VN3ライセンスは、2020年5月の公開以来、アバターを中心とした数多くの3Dデータの配布に活用されており、2021年はVRChat向けアバターの31%に採用され(1)ている。また、2022年5月末日時点のBOOTH「3Dキャラクター」カテゴリーの人気順上位50位までの製品のうち46%に採用されており(2)、2022年6月現在、日本のソーシャルVR向けアバター取引で最もよく使われている利用規約のテンプレートの1つとなっている。バージョン1.10の主な変更点は下記の通り。
■韓国語・中国語への対応
韓国語および中国語ネイティブ話者によるテンプレートの翻訳を実施し「韓国語」「中国語(繁体字・簡体字両対応)」の簡易規約を作成可能になった。利用規約作成ジェネレーターを用いれば、日本語の選択肢を選んでいくだけで、法的知識があまりない人でも簡単に高品質な日本語の利用規約、英語の対訳、韓国語と中国語の簡易翻訳を作成できる。
■簡易一覧の拡充
従来からある冒頭に表組の一覧に加えて、対象となるデータ、権利者名や問い合わせ先、クレジット表記、ハッシュタグ、許諾期間及び許諾の変更等の項目の簡易な一覧を冒頭に掲載する仕様になった。これにより利用者は冒頭2ページを参照することで契約内容の要点がつかめるようになった。
■センシティブな表現への対応の強化
センシティブな表現(性的表現・暴力的表現・政治活動への利用および、宗教活動への利用)に関わる選択肢について従来の選択肢に加えて「許可しません(ただし私的使用[プライベートな範囲での利用]については禁止しません)」の項目を追加。
(*1)ウェブサイト「VRChatの世界(β)」2021年1〜12月に掲載されたデータに基づく
(*2)ウェブサイト「BOOTH」にて「https://booth.pm/ja/browse/3Dキャラクター」の「人気順」ソート結果に基づく
■あしやまひろこ(VN3ライセンスチーム主宰)プロフィール
女装者、身体と装いと女装の研究者。
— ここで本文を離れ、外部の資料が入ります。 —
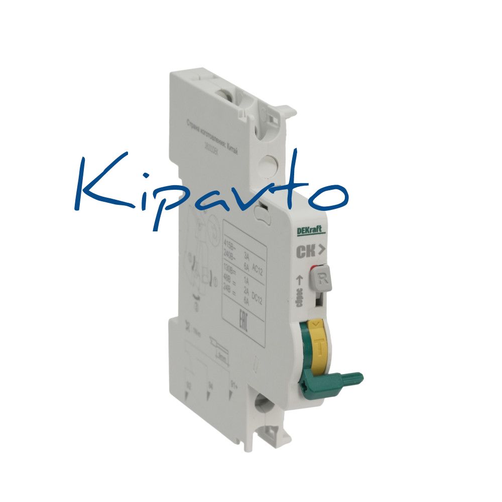 Контакт сигнальный СК-101 для автоматических выключателей серии ВА-101 DEKraft, предназначен для сигнализации аварийного срабатывания выключателя, тип контакта - переключающий, номинальный ток - 6 А, ном. напряжение - 220 В пер. тока, ширина - 9 мм, установка - на DIN-рейку, присоединение к выключателю слева. Контакты переходят в свое начальное состояние при возврате выключателя в исходное положение.

筑波大学ミスコン「TSUKUBANBEAUTY 2011」グランプリ。「装う」を総合的に研究するサークル「テクノコスプレ研究会」主宰で、VTuberのフレグランスを制作。同人誌『女装と思想』発行。法務経験を生かし開発したアバターライセンス「VN3ライセンス」は、把握できているものだけでも400近いVRChat向け製品に採用されている。メタバース空間では、自身の女装の姿をモデルにしたアバターを使っている。